Not surprising. Being a free service, and having competition for users from TMF and Yahoo, Usenet has probably had a shortage of guiding hands to create an elaborate hierarchy of stock-specific groups, much less to find moderators for a few key investment groups.

But all those things can be created. Usenet is user-powered and always evolving. A group I used to participate in was very active, very focused (pretty much as focused as most stock boards here) and it had been established by votes cast by users already on another newsgroup higher up in the hierarchy (think of it as an outline or tree structure).

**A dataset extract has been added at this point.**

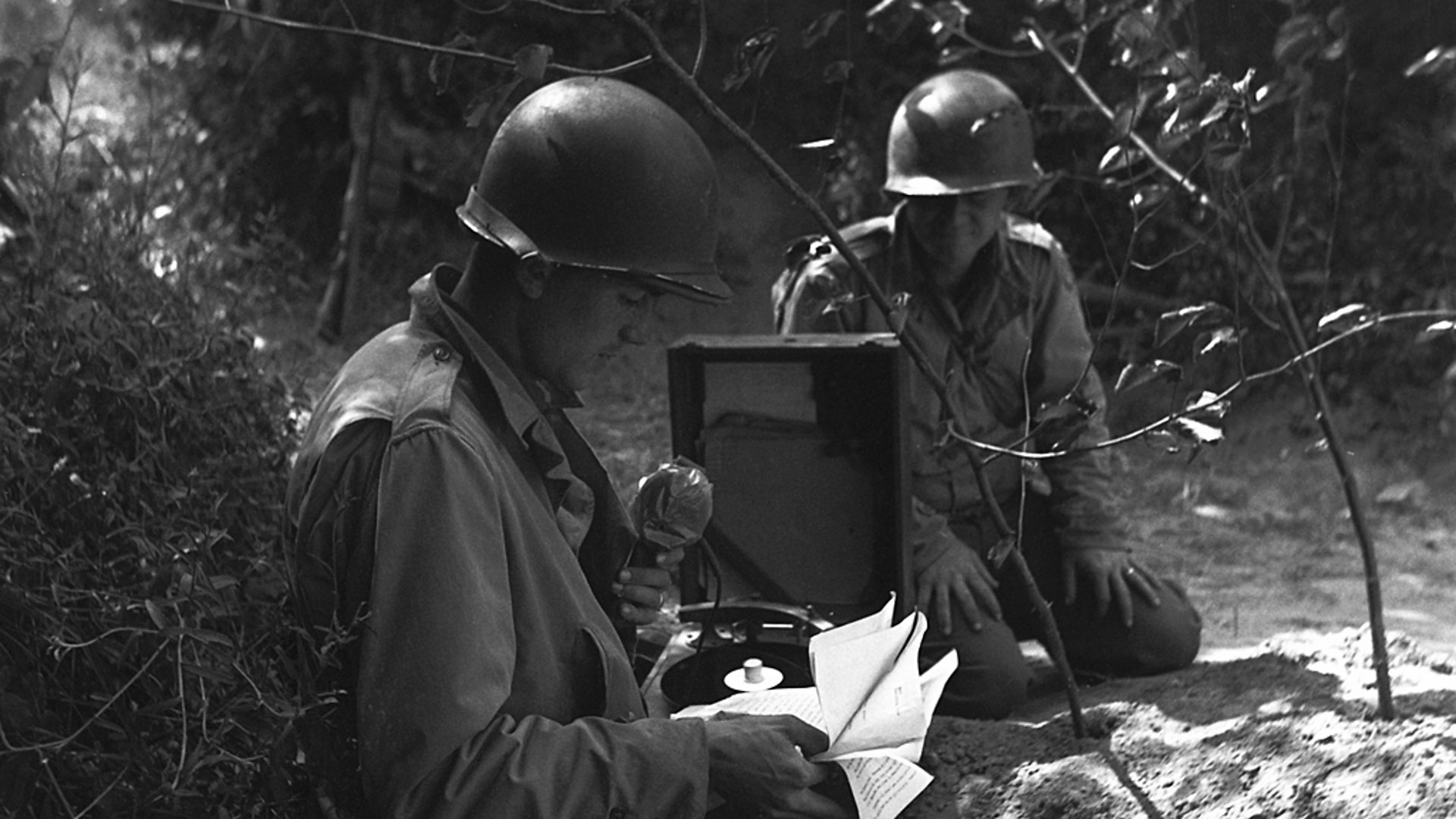 C.D Adamson, engineer correspondent of the BBC War Reporting Unit, with a midget Recorder - Midget recorders, weighing only 35 Ibs, were developed by the BBC for the front-lines. - www.bbc.co.uk

I don't know what groups are there now, but you could have misc.invest, then below that, misc.invest.bonds, misc.invest.mutualfunds and of course misc.invest.stocks -- below which would be company-specific groups. In the "misc" hierarchy it is somewhat harder to get groups started specifically to keep things from getting crazy. But in others (like the alt hierarchy) people start up newsgroups pretty readily.

Anyway, if this site did not offer this service, and Yahoo didn't offer an alternative, I would be over on Usenet, and so would half the people here, I suspect. Usenet is still an excellent information source in some content areas, and you just learn to filter out noise. A moderated newsgroup takes care of that, but I don't know how they are established.

In my experience, people on Usenet groups are just as nice, just as friendly, and just as helpful as anybody I've "met" here. And the sense of community builds very rapidly. It is an online thing, not specific to this site. Those who cite TMF as being unique in that "community" concept evidently aren't aware that it goes back a long time and has many parallels.